Published online by Cambridge University Press: 11 April 2011
Classical physics
Quantum theory was produced roughly between 1900 and 1925; it changed our view of the Universe in a revolutionary way. Such is the central preoccupation of this book. Relativity was another revolutionary theory produced between 1905 and 1916; it is less central here. The clear implication of these statements is that, prior to 1900, there was an established body of theory that was widely successful and was thought to provide final answers to fundamental physical questions. This body of theory is known as classical physics.
The above is a simplified account of the development of physics over the last few hundred years. There is a good deal of truth in it. By 1900, Newton's Laws of mechanics had been established for over 200 years; they had been overwhelmingly successful in describing a huge range of phenomena, both terrestrial and in the solar system. They were held to be among the greatest human achievements, indeed the very greatest strictly scientific achievement, and practically a direct revelation of divine intent, and by 1900 it seemed unthinkable that they could be challenged.

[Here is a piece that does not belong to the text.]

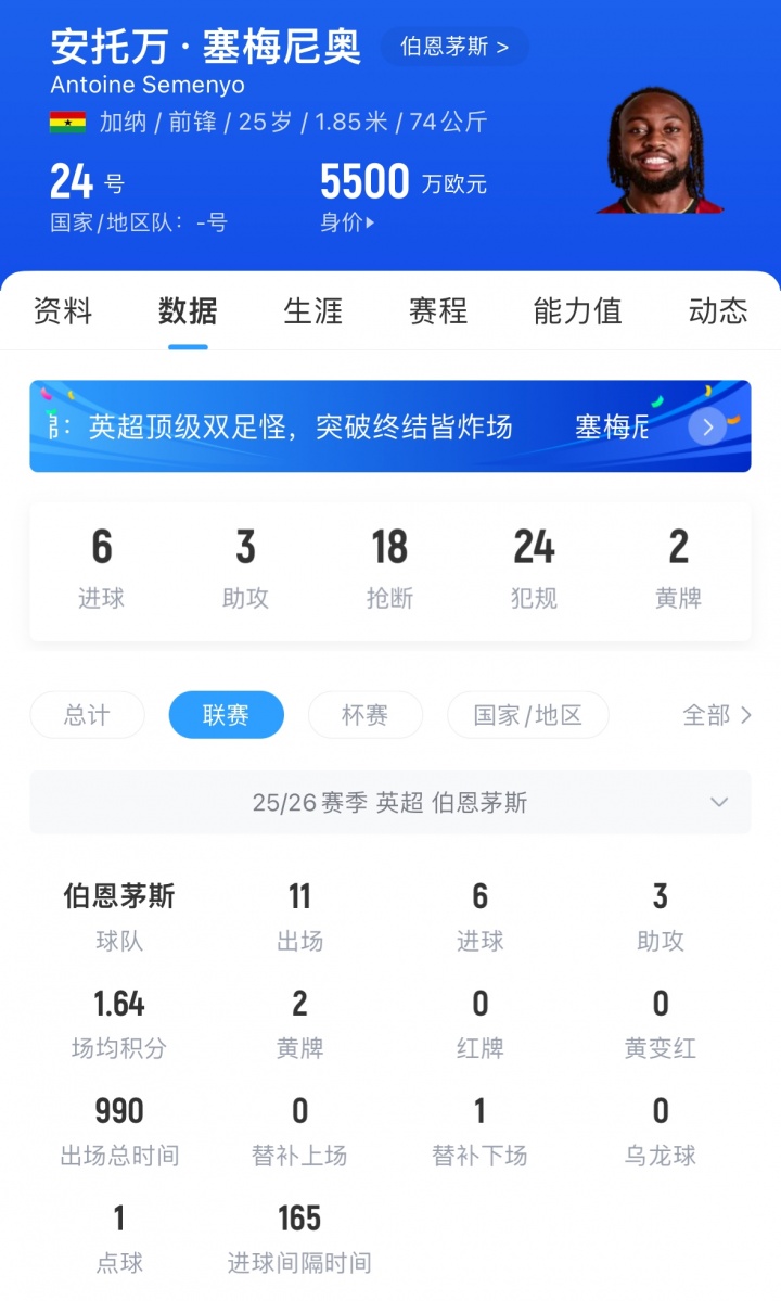 塞梅尼奥现年25岁,司职时尚,他本赛季为伯恩茅斯出战11场英超,孝敬6球3助,他与伯恩茅斯的协议将在2030年到期,现身价5500万欧。

The same could not quite be said of electromagnetism, an area of physics that encompasses electricity, magnetism and, as will be seen later in this chapter, optics. By 1900, what we now take to be the complete and final theory of classical electromagnetism, that of James Clerk Maxwell, was over 30 years old, and the discovery of radio waves by Heinrich Hertz which was acknowledged to confirm the theory, more than ten years old.